I first implemented query search using SimpleQueryString shown as follows.
Entity Definition
@Entity
@Indexed
@AnalyzerDef(name = "whitespace", tokenizer = @TokenizerDef(factory = WhitespaceTokenizerFactory.class),
filters = {
@TokenFilterDef(factory = LowerCaseFilterFactory.class),
@TokenFilterDef(factory = ASCIIFoldingFilterFactory.class)
})
public class AdAccount implements SearchableEntity, Serializable {
@Id
@DocumentId
@Column(name = "ID")
@GeneratedValue(strategy = GenerationType.AUTO)
private Long id;
@Field(store = Store.YES, analyzer = @Analyzer(definition = "whitespace"))
@Column(name = "NAME")
private String name;
//other properties and getters/setters
}
I use the white space tokenizer factory here because the default standard analyzer ignores special characters, which is not ideal in my use case. The document I referred to is https://lucene.apache.org/solr/guide/6_6/tokenizers.html#Tokenizers-WhiteSpaceTokenizer. In this document it states that Simple tokenizer that splits the text stream on whitespace and returns sequences of non-whitespace characters as tokens.
SimpleQueryString Method
protected Query inputFilterBuilder() {
SimpleQueryStringMatchingContext simpleQueryStringMatchingContext = queryBuilder.simpleQueryString().onField("name");
return simpleQueryStringMatchingContext
.withAndAsDefaultOperator()
.matching(searchRequest.getQuery() + "*").createQuery();
}
searchRequest.getQuery() returns the search query string, then I append the prefix operator in the end so that it supports prefix query.

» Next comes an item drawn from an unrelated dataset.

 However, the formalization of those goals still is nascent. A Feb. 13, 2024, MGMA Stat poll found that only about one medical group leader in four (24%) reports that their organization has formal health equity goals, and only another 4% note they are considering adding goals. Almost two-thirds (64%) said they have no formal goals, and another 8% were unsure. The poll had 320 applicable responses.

However, this does not work as expected with the following example. Say I have an entity whose name is "AT&T Account", when searching with "AT&", it does not return this entity.

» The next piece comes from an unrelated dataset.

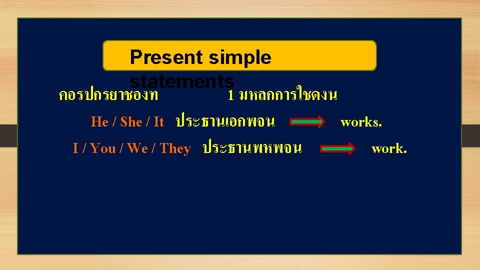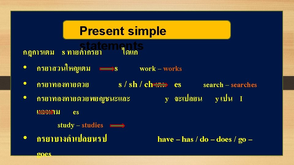 Present simple statements Present simple ใชเลาความจรงทางธรรมชาต ขอเทจจรงโดยทวไป นสย หรอกจวตรประจำวน - He gets up at six o’clock. - I take the bus to school every day. - We like strawberry cakes.

I then made the following changes to directly use a white space analyzer. This time searching with "AT&" works as expected. But the search is case sensitive now, i.e, searching with "at&" returns nothing now.
@Field
@Analyzer(impl = WhitespaceAnalyzer.class)
@Column(name = "NAME")
private String name;
My questions are:
Why doesn't it work when I use the white space factory in my first attempt? I assume using the factory versus using the actual analyzer implementation is different?
How to make my search case-insensitive if I use the @Analyzer annotation as in my second attempt?